▶ _Directions for this task_:
Your copy must hold all of the data below, unchanged and without images.

▶ _Provided material_:
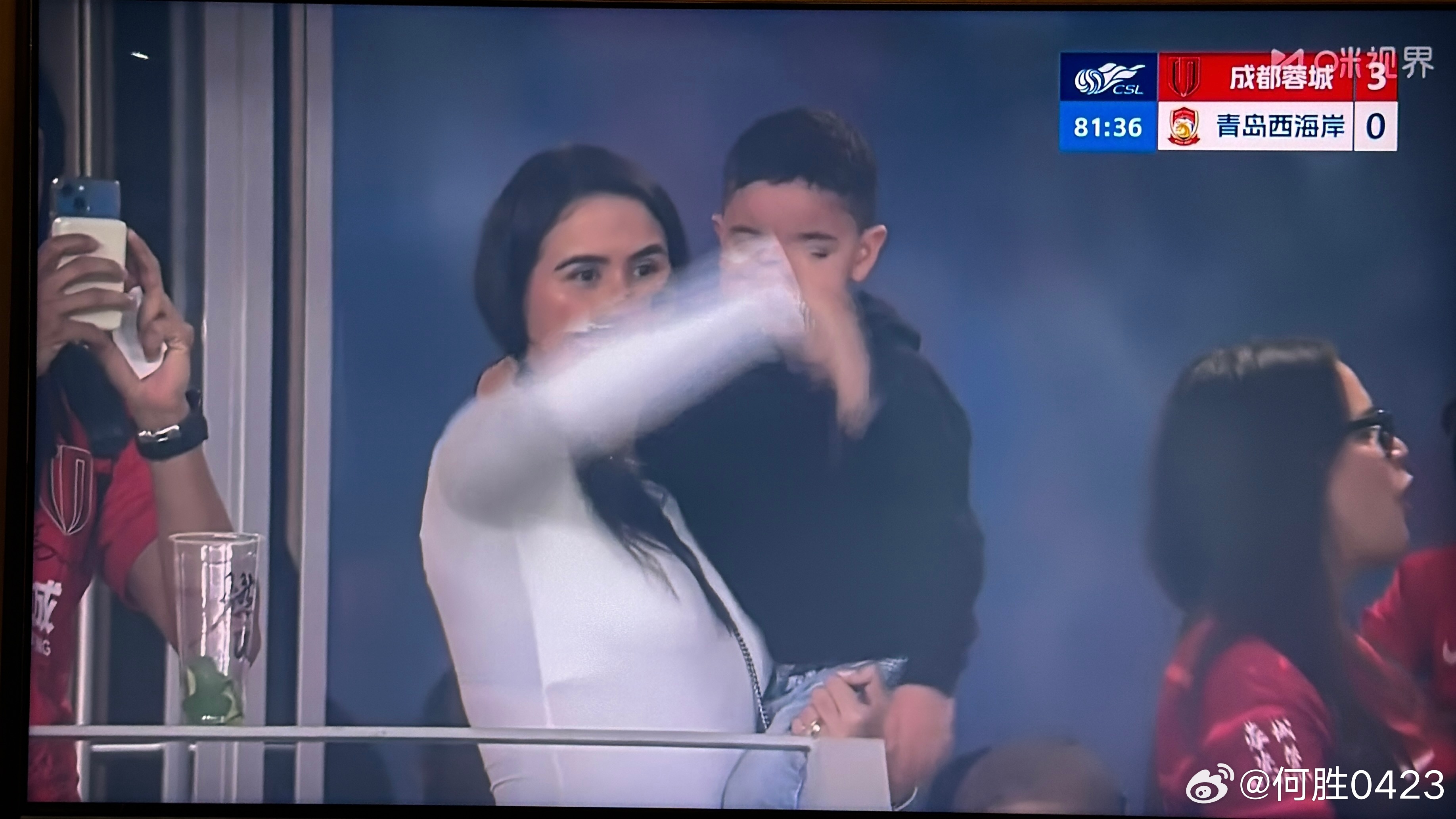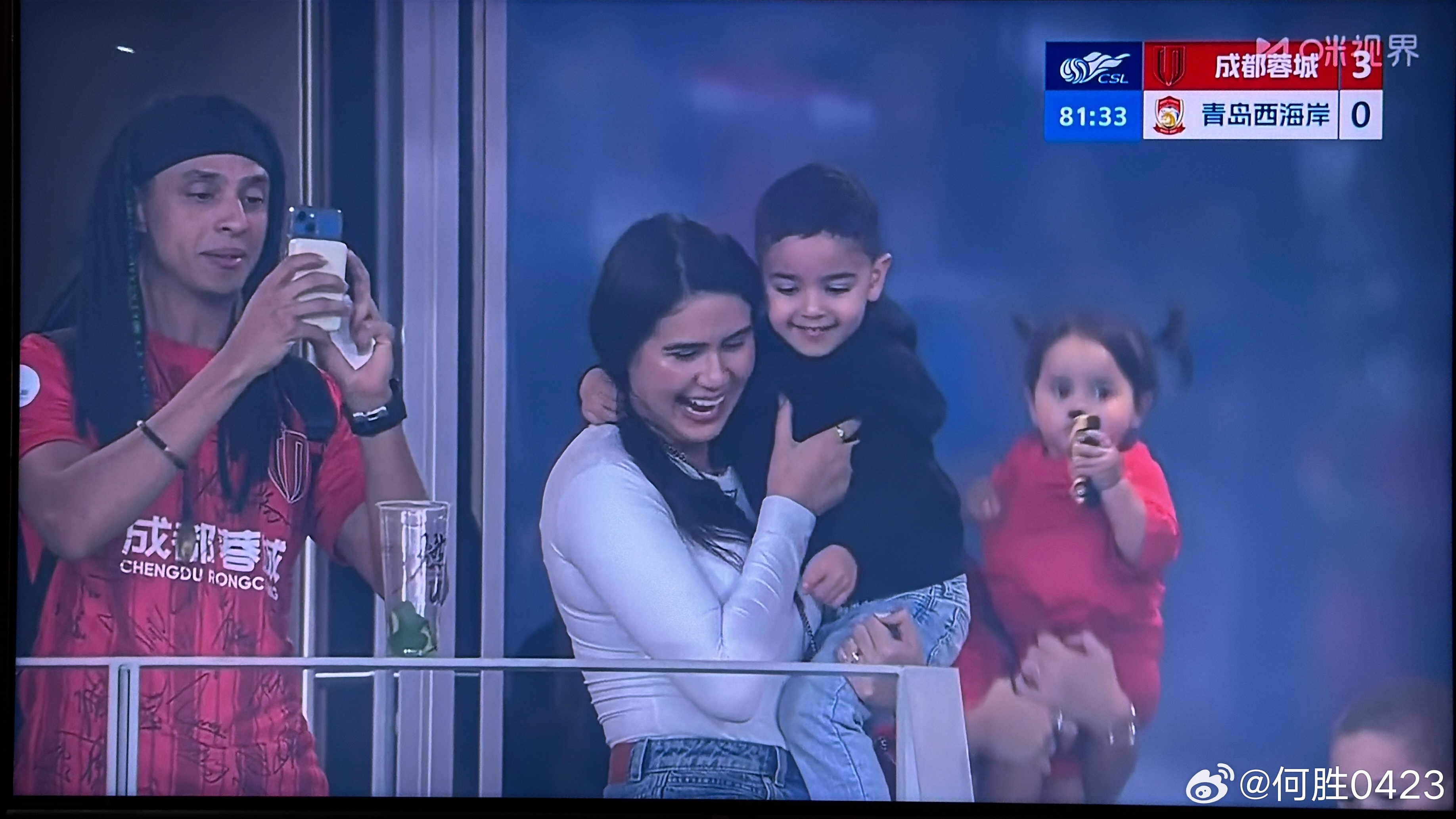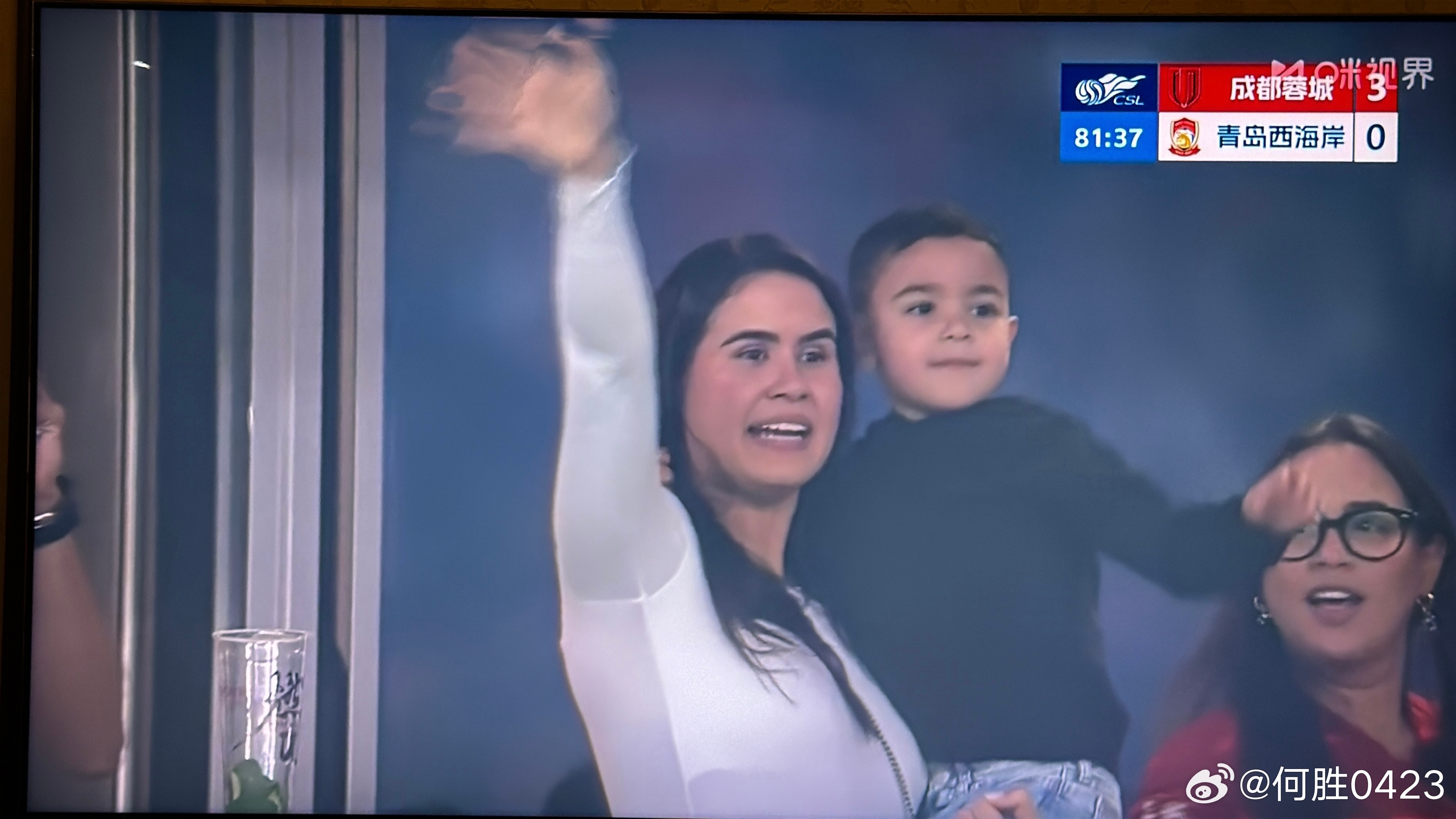 看台上,开心庆祝的费利佩家人球场边,神情落寞的主教练郑智
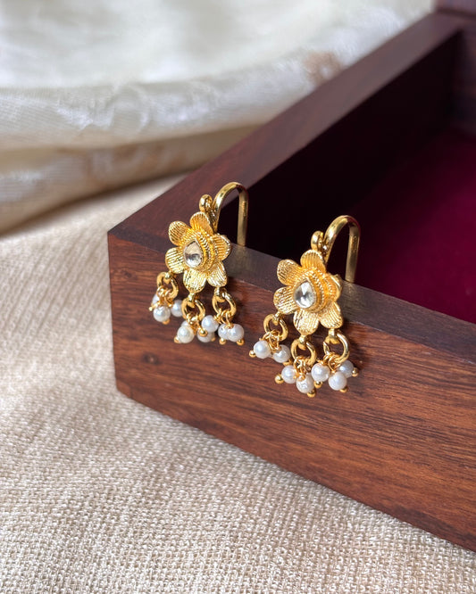 Delicate Floral Gold-Finish Bugadi with White Kundan | ER024
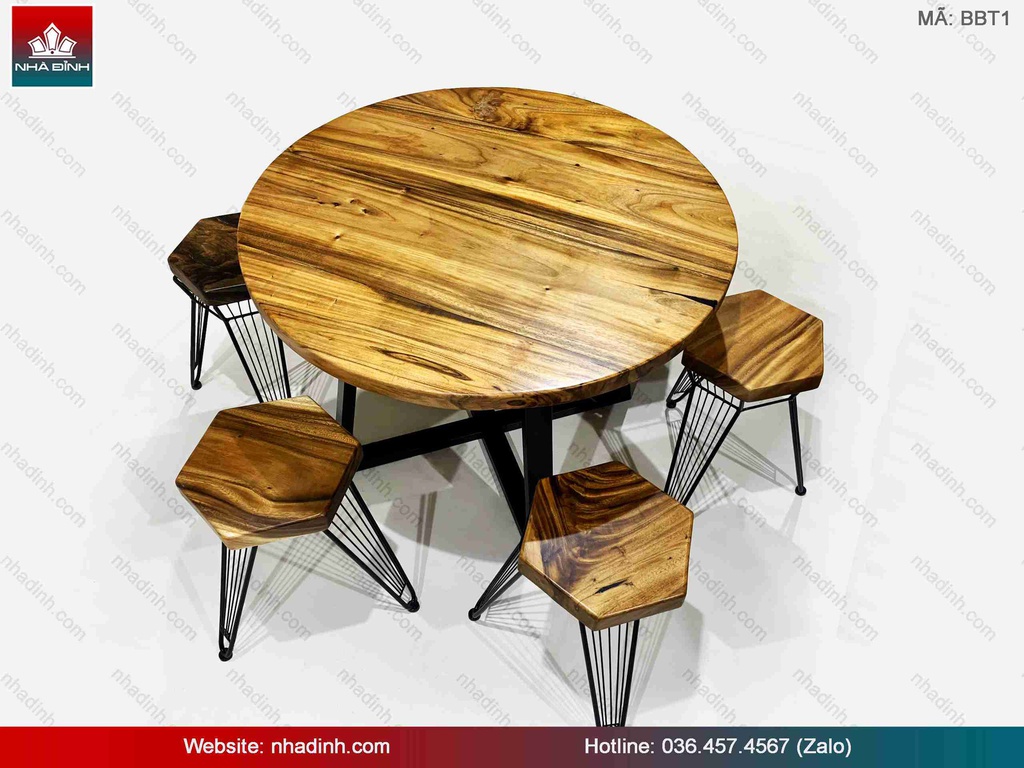 Bàn Tròn Gỗ Me Tây Mặt Ghép Và 6 Ghế Đẩu Đường Kính 100 Dày 5 (cm)

▶ _Answer space_:
 看台上,开心庆祝的费利佩家人球场边,神情落寞的主教练郑智
 Delicate Floral Gold-Finish Bugadi with White Kundan | ER024
 Bàn Tròn Gỗ Me Tây Mặt Ghép Và 6 Ghế Đẩu Đường Kính 100 Dày 5 (cm)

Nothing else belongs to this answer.